The combination approach of SVM and ECOC for powerful identification and classification of transcription factor
© Zheng et al; licensee BioMed Central Ltd. 2008
Received: 09 January 2008
Accepted: 16 June 2008
Published: 16 June 2008
Transcription factors (TFs) are core functional proteins which play important roles in gene expression control, and they are key factors for gene regulation network construction. Traditionally, they were identified and classified through experimental approaches. In order to save time and reduce costs, many computational methods have been developed to identify TFs from new proteins and to classify the resulted TFs. Though these methods have facilitated screening of TFs to some extent, low accuracy is still a common problem. With the fast growing number of new proteins, more precise algorithms for identifying TFs from new proteins and classifying the consequent TFs are in a high demand.
The support vector machine (SVM) algorithm was utilized to construct an automatic detector for TF identification, where protein domains and functional sites were employed as feature vectors. Error-correcting output coding (ECOC) algorithm, which was originated from information and communication engineering fields, was introduced to combine with support vector machine (SVM) methodology for TF classification. The overall success rates of identification and classification achieved 88.22% and 97.83% respectively. Finally, a web site was constructed to let users access our tools (see Availability and requirements section for URL).
The SVM method was a valid and stable means for TFs identification with protein domains and functional sites as feature vectors. Error-correcting output coding (ECOC) algorithm is a powerful method for multi-class classification problem. When combined with SVM method, it can remarkably increase the accuracy of TF classification using protein domains and functional sites as feature vectors. In addition, our work implied that ECOC algorithm may succeed in a broad range of applications in biological data mining.
Transcription factors (TFs) are special DNA-binding proteins, which are commonly recognized by RNA polymerases for transcription initiation. Under certain physiologic conditions, TFs regulate expression levels of downstream genes effectively by binding to specific DNA fragments in the promoter regions. Such a process is closely related to important biological processes such as activation of cell cycle, regulation of differentiation, and maintenance of immunologic tolerance etc [1–3]. Generally, according to their structure and function, TFs can be grouped into four classes: (1) TFs with basic domains (basic-TFs), (2) TFs with zinc-coordinating DNA binding domains (zinc-TFs), (3) TFs with Helix-turn-helix (helix-TFs), and (4) TFs with Beta-Scaffold factors (beta-TFs).

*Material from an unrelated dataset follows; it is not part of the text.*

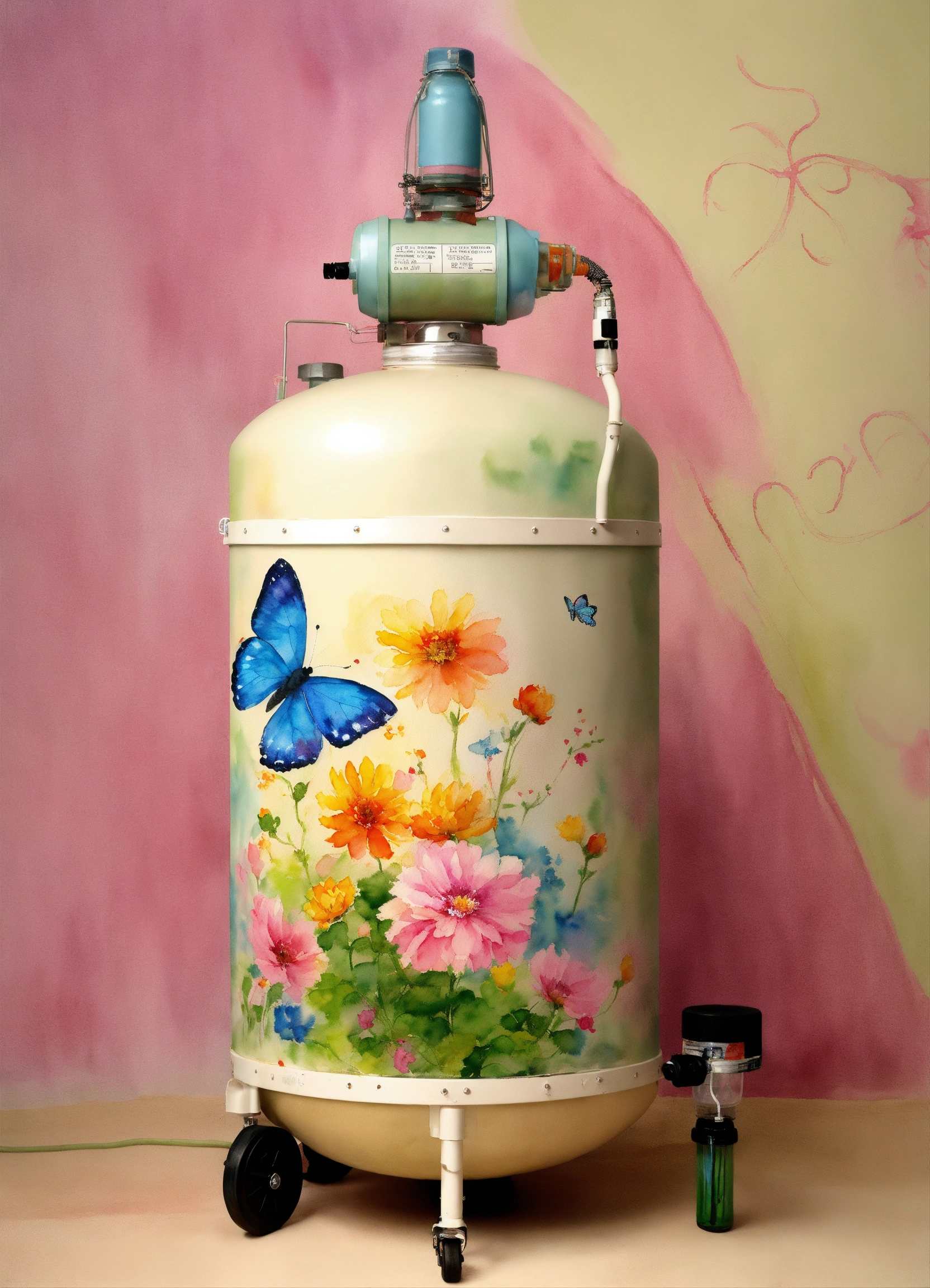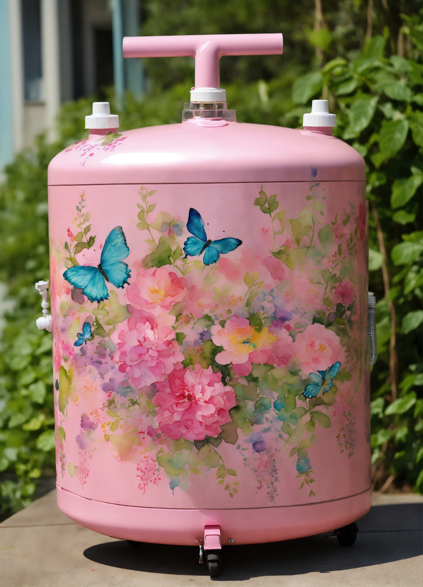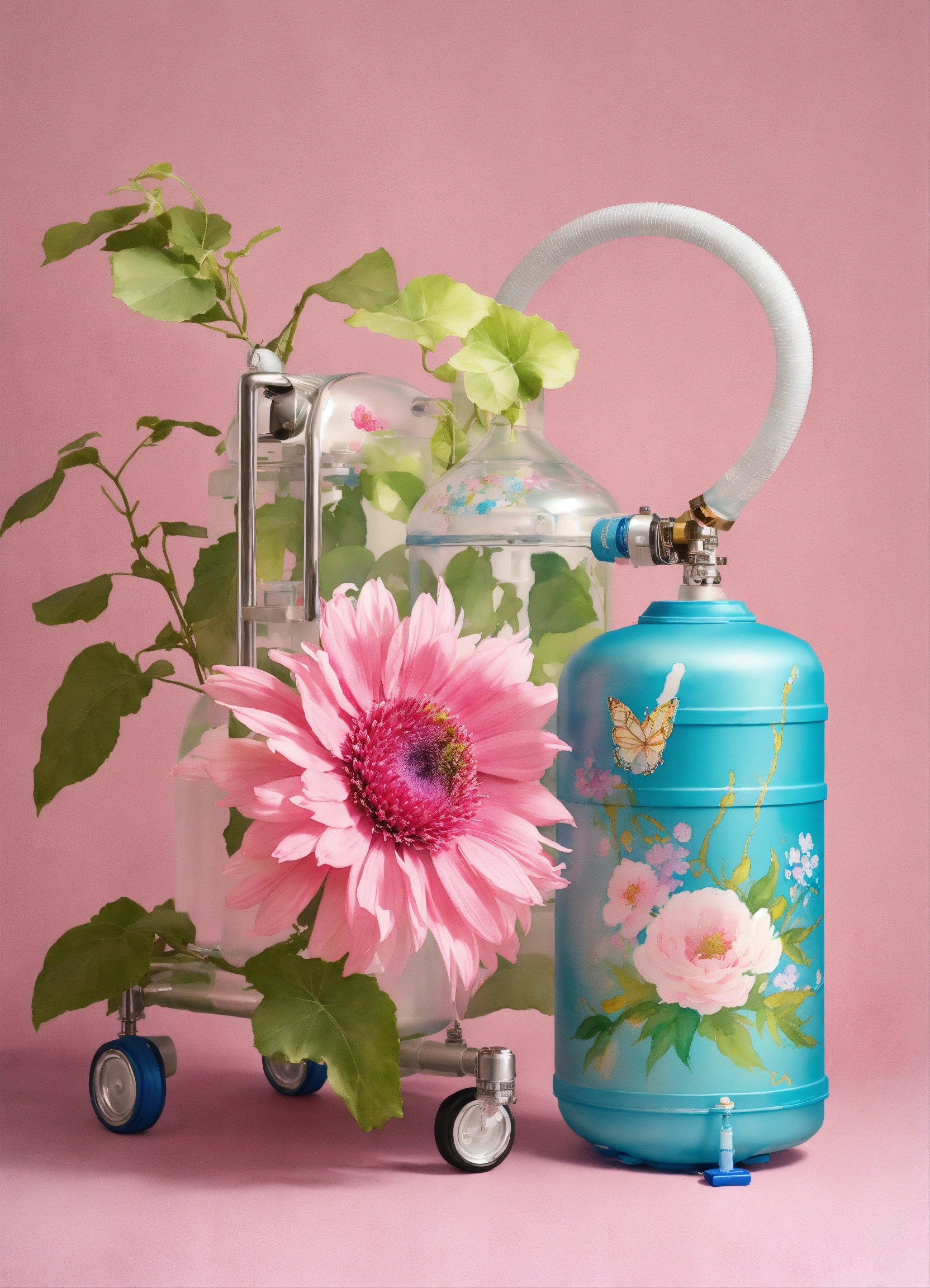 Concept art of oxygen tank and nasogastric tubenose tube, portable, rolling wheels, small, blank background, handprinted painted artsy design, portable oxygen concentrators, pink flowers and butterflies painted on the tank, medical, realistic, hyper realistic, portable, cute, artsy, decorated, thin tank, colorful girly handprinted designs on the tank, thin small portable tank, personalized decorated painted medical portable oxygen tank, respiratory, thin tank, watercolor paint, fake flowers on a fake vine wrapped around tank, super thin small narrow tank, watercolor abstract paint, clear thin tube attached

It is well known that interaction mechanisms of TFs and motifs differ for different types of TFs [4–6]. Therefore, it is a momentous task to identify and classify TFs for protein functional annotation and interaction mechanism investigations in this post genome era.
Traditionally, a transcription factor, as a special case of DNA-binding protein, is identified and classified by biochemical experiments, which can be time-consuming and costly, and difficult to apply to a large scale. To overcome these defects, computational approaches are often used. Kumar et al. developed a support vector machine method to identify DNA-binding proteins. Hwang et al. constructed a web server for prediction of DNA-binding residues in DNA-binding proteins, where three machine learning methods (support vector machine, kernel logistic regression and penalized logistic regression) were implemented. Cho et al. built up a hidden markov model to find out possible DNA binding sites for zinc finger proteins. As for transcription factors, BLAST methods were applied in most cases [10–13]. We have also constructed a simple model based on the nearest neighbor algorithm (NNA) for TF prediction in our previous work.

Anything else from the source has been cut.